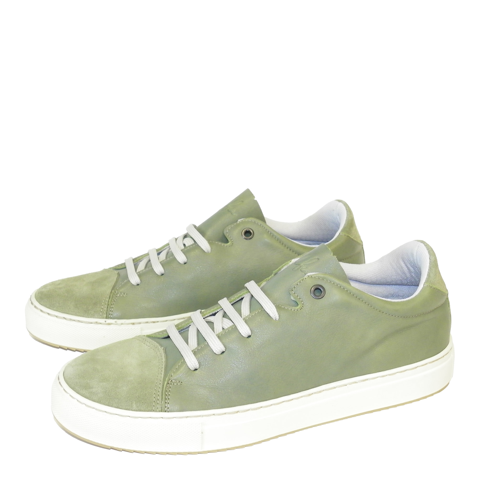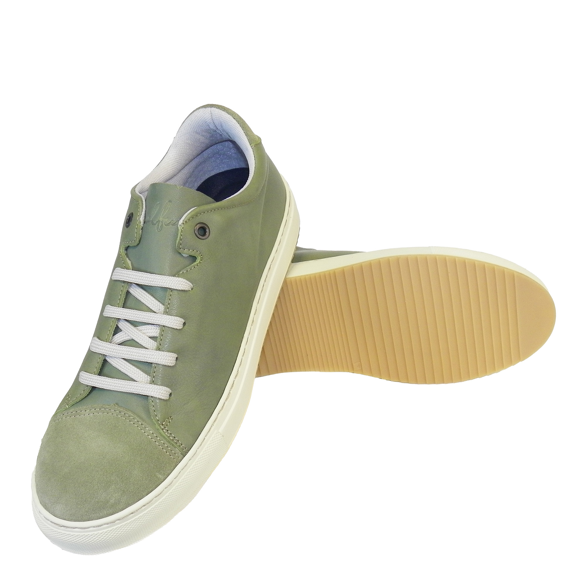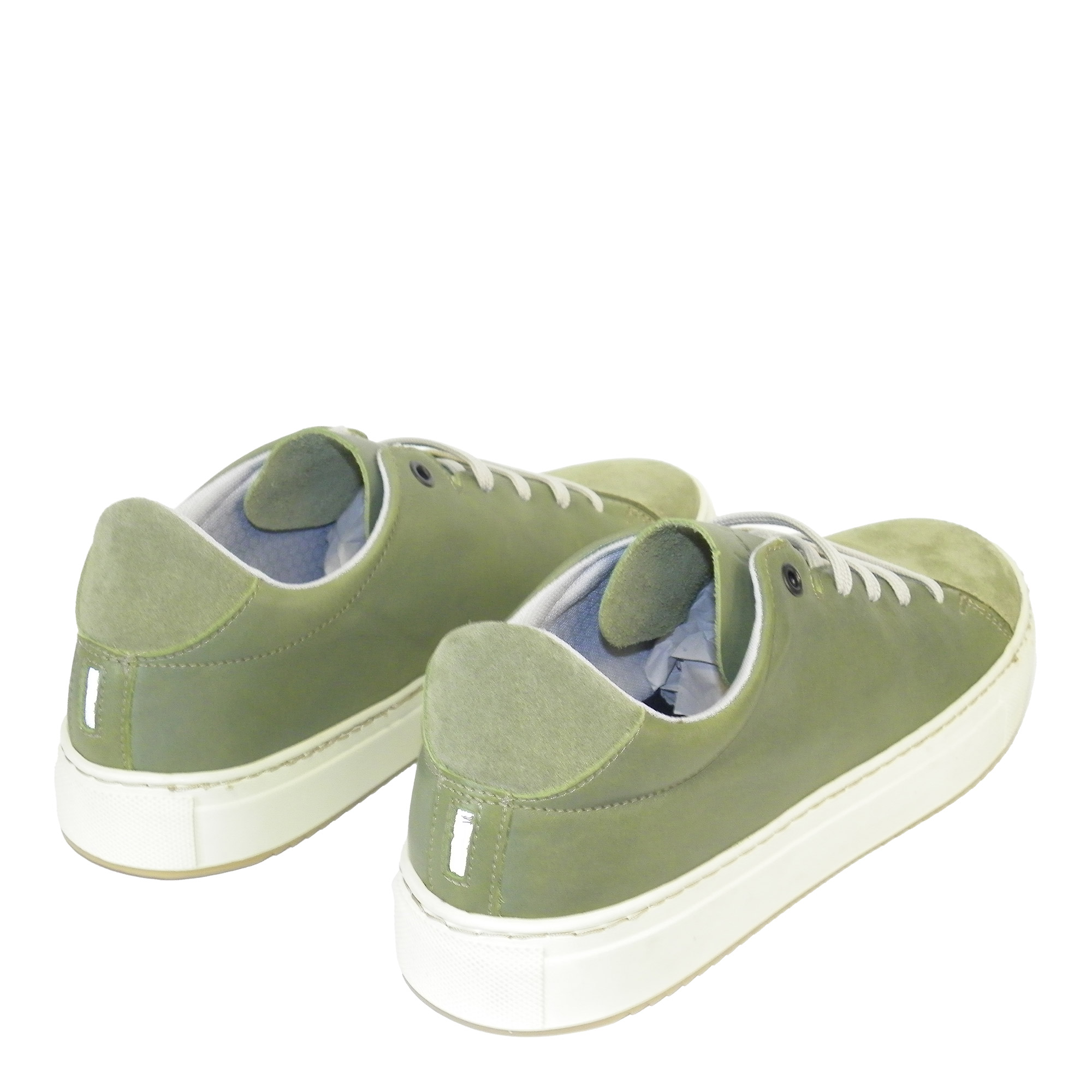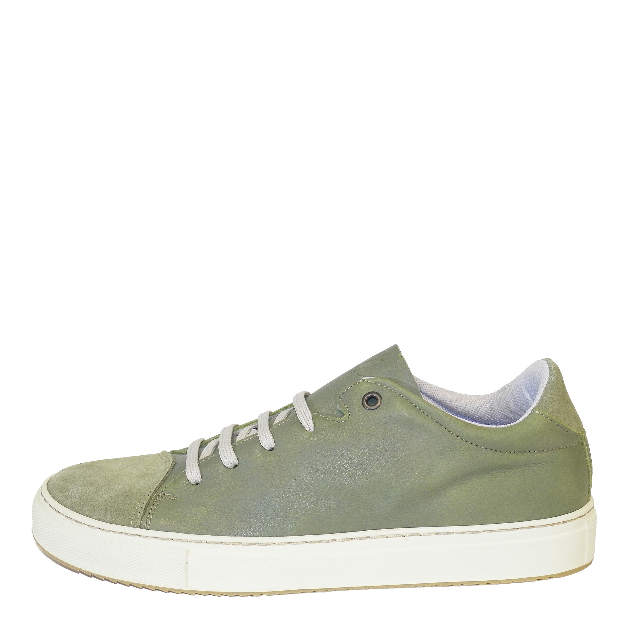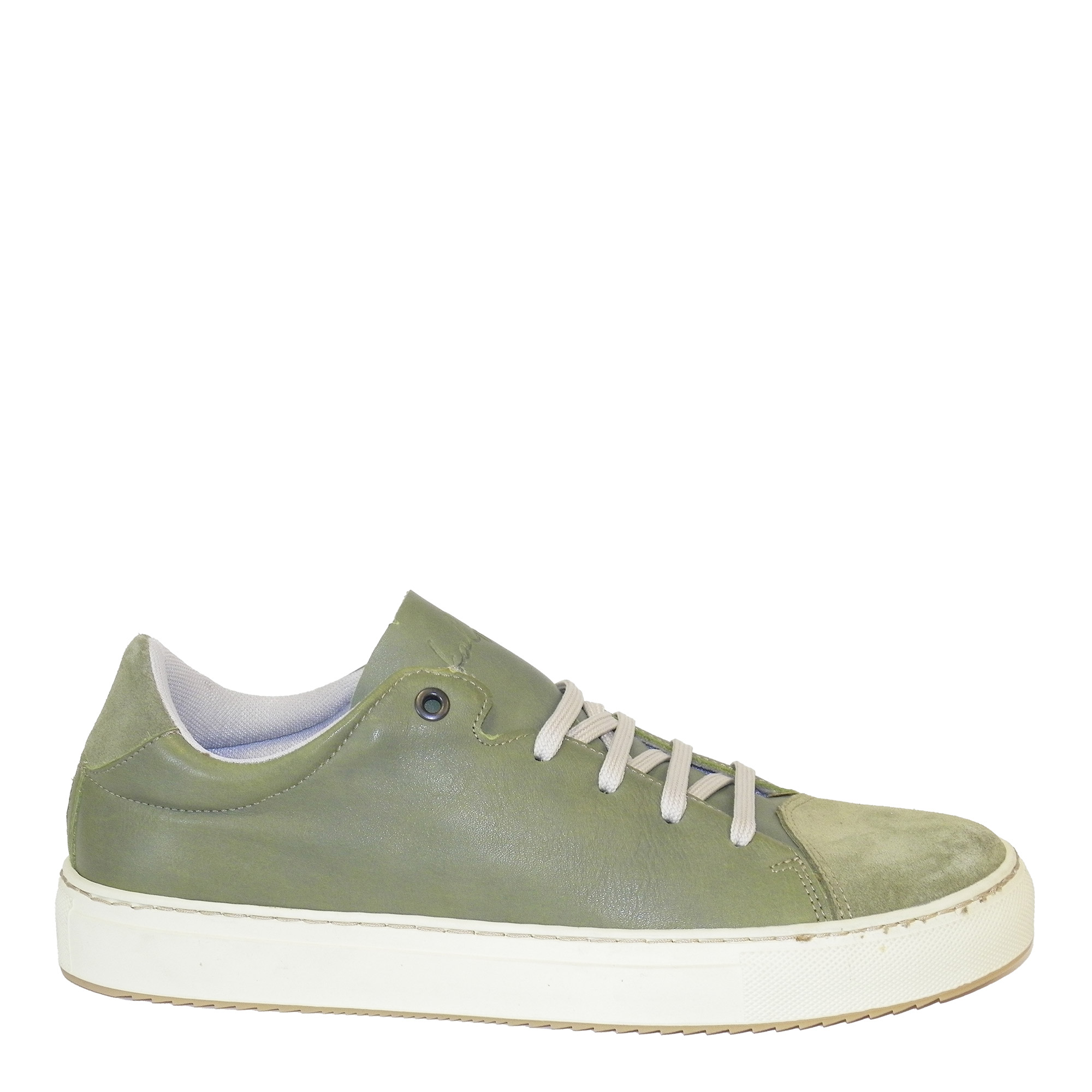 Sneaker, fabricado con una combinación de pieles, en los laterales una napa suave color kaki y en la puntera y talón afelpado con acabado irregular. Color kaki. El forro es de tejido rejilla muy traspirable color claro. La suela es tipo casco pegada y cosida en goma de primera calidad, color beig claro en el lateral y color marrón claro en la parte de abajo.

--

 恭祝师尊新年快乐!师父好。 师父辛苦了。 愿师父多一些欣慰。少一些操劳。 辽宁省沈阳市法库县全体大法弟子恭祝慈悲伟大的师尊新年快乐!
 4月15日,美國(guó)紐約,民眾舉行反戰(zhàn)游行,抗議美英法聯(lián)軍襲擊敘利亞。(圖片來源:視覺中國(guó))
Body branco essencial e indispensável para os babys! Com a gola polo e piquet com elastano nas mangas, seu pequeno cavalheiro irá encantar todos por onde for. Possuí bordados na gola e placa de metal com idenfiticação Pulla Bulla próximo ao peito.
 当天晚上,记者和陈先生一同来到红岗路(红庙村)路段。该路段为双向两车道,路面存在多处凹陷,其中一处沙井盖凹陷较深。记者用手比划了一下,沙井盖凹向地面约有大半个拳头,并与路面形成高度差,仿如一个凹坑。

* * *

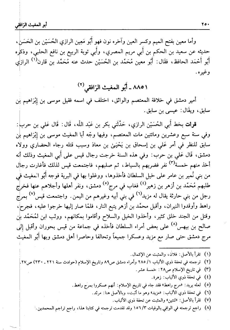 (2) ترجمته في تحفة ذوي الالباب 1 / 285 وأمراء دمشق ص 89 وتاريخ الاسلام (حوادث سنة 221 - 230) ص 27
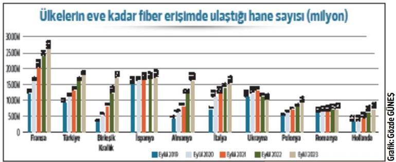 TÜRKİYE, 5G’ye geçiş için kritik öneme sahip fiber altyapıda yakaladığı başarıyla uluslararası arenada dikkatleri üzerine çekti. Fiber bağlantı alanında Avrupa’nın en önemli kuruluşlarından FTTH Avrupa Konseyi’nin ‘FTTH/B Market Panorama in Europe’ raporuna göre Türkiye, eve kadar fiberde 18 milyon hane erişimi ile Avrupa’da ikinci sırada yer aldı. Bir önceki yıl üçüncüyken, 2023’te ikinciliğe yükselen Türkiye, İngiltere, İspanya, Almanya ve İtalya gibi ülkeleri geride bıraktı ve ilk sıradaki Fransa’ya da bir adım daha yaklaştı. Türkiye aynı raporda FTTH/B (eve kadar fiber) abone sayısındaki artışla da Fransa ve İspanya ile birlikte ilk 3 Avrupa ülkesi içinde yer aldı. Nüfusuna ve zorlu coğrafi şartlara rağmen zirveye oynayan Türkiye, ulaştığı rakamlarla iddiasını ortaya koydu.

REQUIREMENT:
Find the line with "(2) ترجمته في" in the data above, and from there retype each line exactly through the line with "TÜRKİYE, 5G’ye geçiş", skipping the pictures along the way.

FINISHED TASK:
 (2) ترجمته في تحفة ذوي الالباب 1 / 285 وأمراء دمشق ص 89 وتاريخ الاسلام (حوادث سنة 221 - 230) ص 27
 TÜRKİYE, 5G’ye geçiş için kritik öneme sahip fiber altyapıda yakaladığı başarıyla uluslararası arenada dikkatleri üzerine çekti. Fiber bağlantı alanında Avrupa’nın en önemli kuruluşlarından FTTH Avrupa Konseyi’nin ‘FTTH/B Market Panorama in Europe’ raporuna göre Türkiye, eve kadar fiberde 18 milyon hane erişimi ile Avrupa’da ikinci sırada yer aldı. Bir önceki yıl üçüncüyken, 2023’te ikinciliğe yükselen Türkiye, İngiltere, İspanya, Almanya ve İtalya gibi ülkeleri geride bıraktı ve ilk sıradaki Fransa’ya da bir adım daha yaklaştı. Türkiye aynı raporda FTTH/B (eve kadar fiber) abone sayısındaki artışla da Fransa ve İspanya ile birlikte ilk 3 Avrupa ülkesi içinde yer aldı. Nüfusuna ve zorlu coğrafi şartlara rağmen zirveye oynayan Türkiye, ulaştığı rakamlarla iddiasını ortaya koydu.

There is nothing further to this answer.